Use a left join when adding splining stats to avoid row deletion by tobyallwood · Pull Request #1310 · AFM-SPM/TopoStats

tobyallwood · 2026-03-05T13:47:10Z

When splining is enabled and some grains do not have molecules these grains would be omitted from the grain_stats `.csv` in error.

This was because grain_stats_additions was merged with grain_stats_all with an inner join with the keys image and grain_number. If a grain did not have a molecule then the image and grain_number keys did not exist in grain_stats_additions causing that row to be removed from the merged DataFrame. Switching this join to a left join rather than an inner solves this issue.
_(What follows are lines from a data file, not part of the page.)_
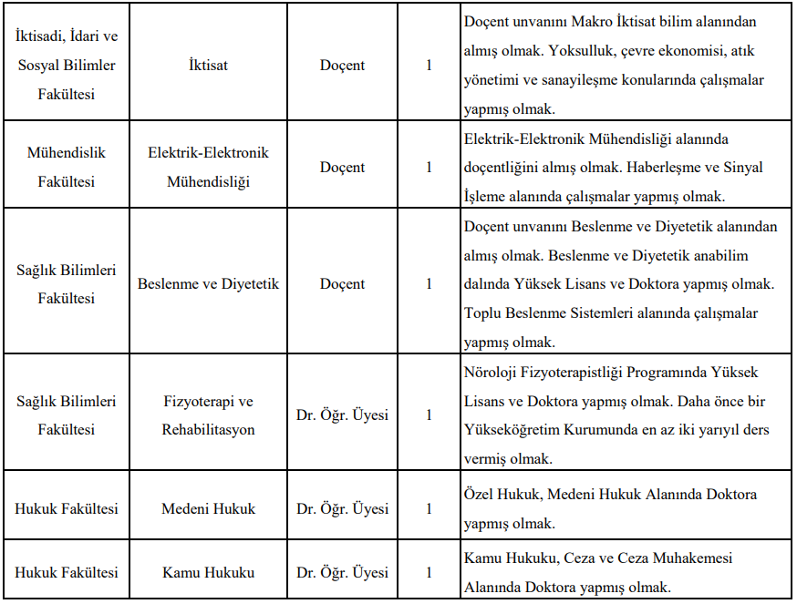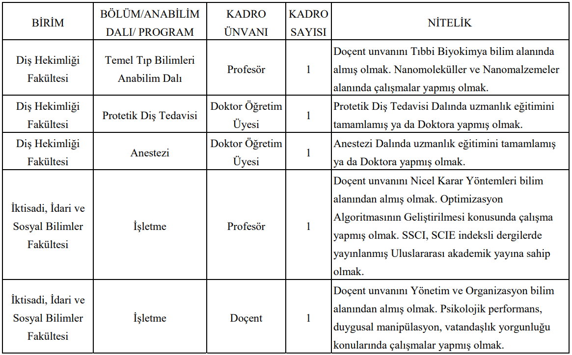 Üniversite, çeşitli fakültelerde toplamda 11 öğretim üyesi alımı yapacak. İşte fakültelere göre kadro detayları:
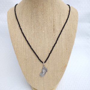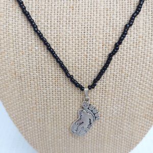 Bigfoot Sasquatch black beaded Necklace 20"
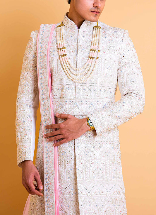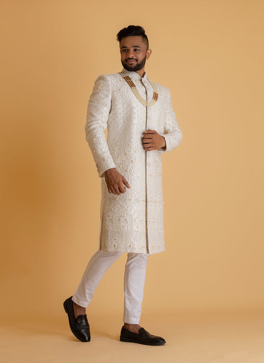 Pearl White Sherwani set in Lucknowi embroidery
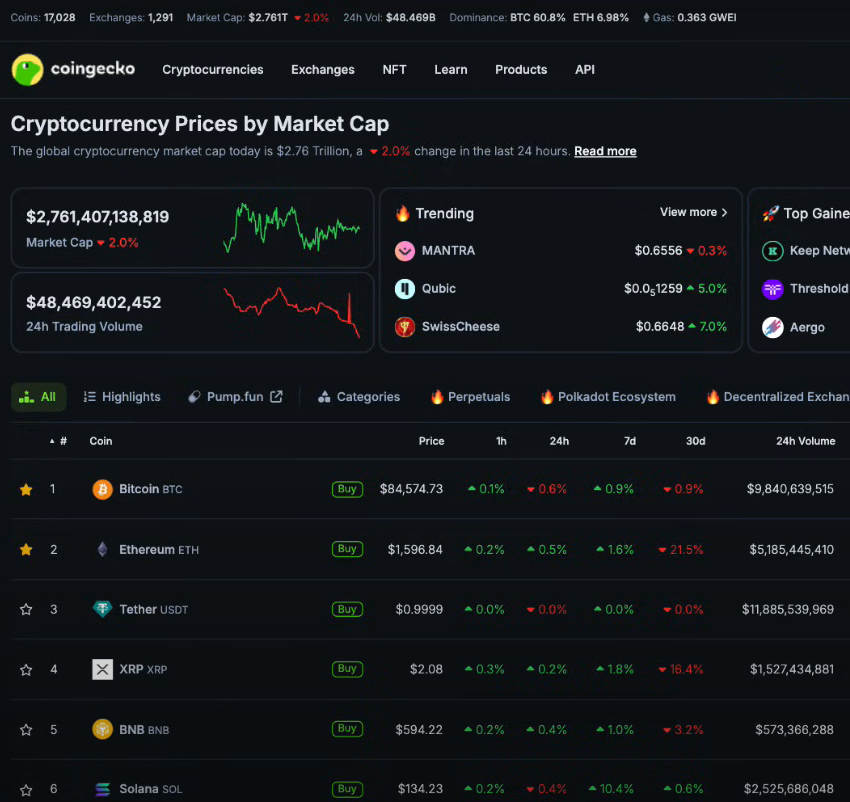 Bitcoin vẫn quanh mức 84,500 USD và không thay đổi nhiều về giá so với ngày trước đó. Các altcoin không biến động nhiều, một số đồng tăng nhẹ và một số đồng giảm. Vốn hóa thị trường crypto là 2.76 nghìn tỷ USD.
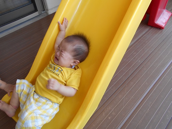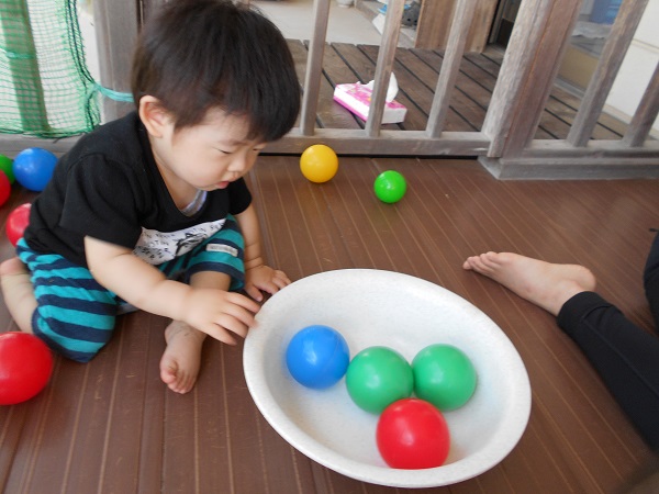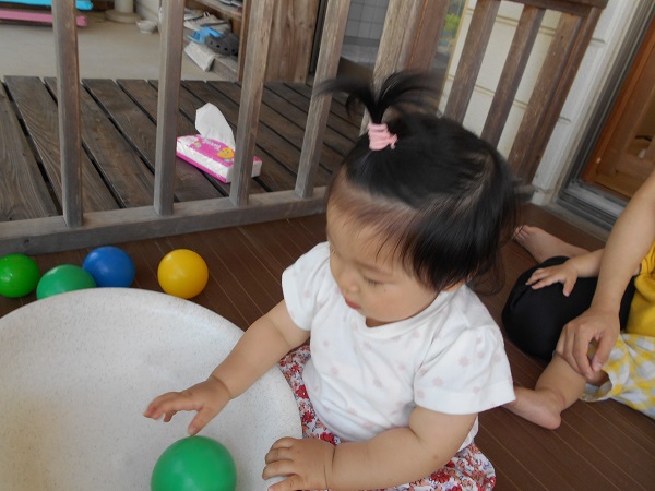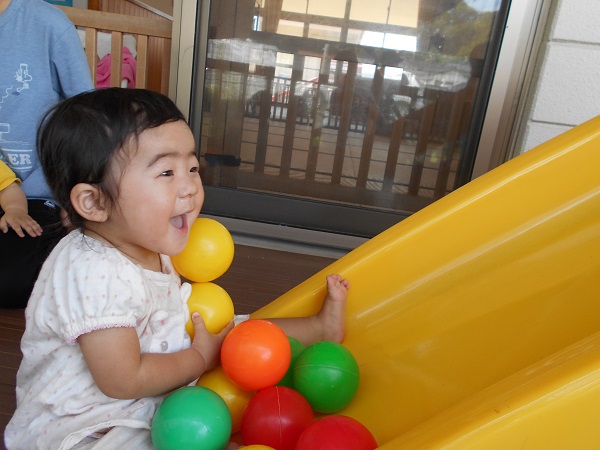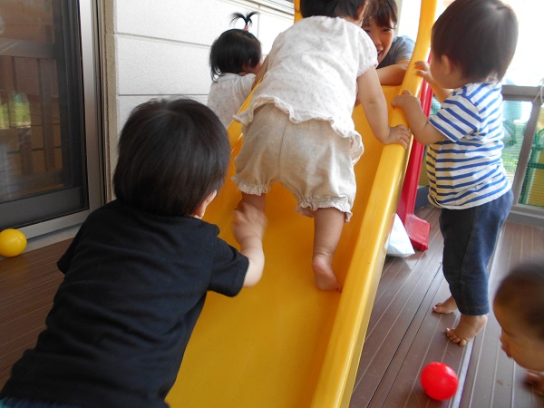 2018年06月25日 テラス楽しいな!今日はテラスに出て遊びました。さっそくすべり台に登る子どもたち☆足と手を使って一生懸命登っていきます!こっちでは滑るのが嫌で泣いちゃう子も・・・☹ボールたくさん嬉しいね♡「お片付けするよー」と言うと・・・たらいにボールを入れてくれるいちご組さん■ありがとう!明日もたくさん遊ぼうね☺

I also discovered an issue in this process where not running splining causes a `KeyError` which in turn means `grain_stats_additions` never get defined (the existance of which is required further down the process).

This was because the grain's molecule_stats_all entry did not contain the keys contour_length or end_to_end_distance even though their existence is then assumed by run_modules.py process(). I have added a catch for KeyErrors which sets grain_stats_additions to None which lets the program run smoothly after this point.
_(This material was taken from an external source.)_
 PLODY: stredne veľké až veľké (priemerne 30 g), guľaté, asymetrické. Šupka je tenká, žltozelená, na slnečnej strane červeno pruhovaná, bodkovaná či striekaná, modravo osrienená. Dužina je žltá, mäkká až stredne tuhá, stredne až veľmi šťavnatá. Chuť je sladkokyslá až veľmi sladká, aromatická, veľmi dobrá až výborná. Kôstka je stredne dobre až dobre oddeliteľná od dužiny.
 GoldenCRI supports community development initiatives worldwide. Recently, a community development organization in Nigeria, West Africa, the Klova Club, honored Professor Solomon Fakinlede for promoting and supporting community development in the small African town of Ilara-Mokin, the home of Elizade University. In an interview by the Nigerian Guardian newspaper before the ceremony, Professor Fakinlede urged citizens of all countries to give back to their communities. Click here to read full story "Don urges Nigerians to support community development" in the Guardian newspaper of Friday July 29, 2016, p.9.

As far as I can see these changes won't cause any problems, the program runs as expected whether splining is turned on or not and all existing tests pass, but if anyone can see potential issues with these changes please let me know.

Side note:
In grain_statistics.csv when splining is enabled and some grains don't have molecules the total_contour_length and mean_end_to_end_distance columns exist, grains with molecules have these fields filled and grains without molecules just have these fields empty. Is this the right way to go about it or would we specifically want to assign some sort of n/a indicator to these empty fields to avoid user confusion?
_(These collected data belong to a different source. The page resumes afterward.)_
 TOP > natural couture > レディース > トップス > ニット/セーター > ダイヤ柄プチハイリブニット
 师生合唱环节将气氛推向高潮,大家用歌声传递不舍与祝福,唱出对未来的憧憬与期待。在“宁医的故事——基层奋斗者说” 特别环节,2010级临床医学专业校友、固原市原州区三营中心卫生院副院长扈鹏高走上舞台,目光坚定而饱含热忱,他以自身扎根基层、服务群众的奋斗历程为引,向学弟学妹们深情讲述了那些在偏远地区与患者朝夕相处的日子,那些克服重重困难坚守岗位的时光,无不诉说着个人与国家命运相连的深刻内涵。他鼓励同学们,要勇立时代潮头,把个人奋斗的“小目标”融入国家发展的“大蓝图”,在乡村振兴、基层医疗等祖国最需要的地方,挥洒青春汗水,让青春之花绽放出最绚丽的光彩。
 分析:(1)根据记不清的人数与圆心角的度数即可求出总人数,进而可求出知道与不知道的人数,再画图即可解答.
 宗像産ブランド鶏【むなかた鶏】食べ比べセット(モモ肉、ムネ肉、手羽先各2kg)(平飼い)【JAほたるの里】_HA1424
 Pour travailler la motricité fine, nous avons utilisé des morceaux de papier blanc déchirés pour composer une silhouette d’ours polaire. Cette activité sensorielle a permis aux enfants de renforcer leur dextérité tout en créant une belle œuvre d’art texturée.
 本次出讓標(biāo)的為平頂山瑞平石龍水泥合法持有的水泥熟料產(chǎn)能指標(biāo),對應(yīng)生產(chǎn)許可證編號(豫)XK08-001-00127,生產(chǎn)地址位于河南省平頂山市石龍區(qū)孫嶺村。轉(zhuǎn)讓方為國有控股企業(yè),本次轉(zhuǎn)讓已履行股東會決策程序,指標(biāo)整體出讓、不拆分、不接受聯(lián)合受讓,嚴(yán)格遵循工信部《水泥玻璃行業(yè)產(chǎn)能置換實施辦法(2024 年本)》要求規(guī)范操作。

Before submitting a Pull Request please check the following.

Existing tests pass.
Pre-commit checks pass.

ns-rse

Minor suggestion to log and error message so that users know what has happened (splining either hasn't run or failed).

Left join makes sense 👍

It probably hasn't cropped up before because in the tests we don't have that situation. In such cases what we should do is construct a test that covers such a scenario, however because the code is wrapped inside the process() function that is a little tricky. It looks like a I left a note about a common pattern of combining dataframes and to investigate abstracting this out to a function of its own, but alas don't have time to work on that.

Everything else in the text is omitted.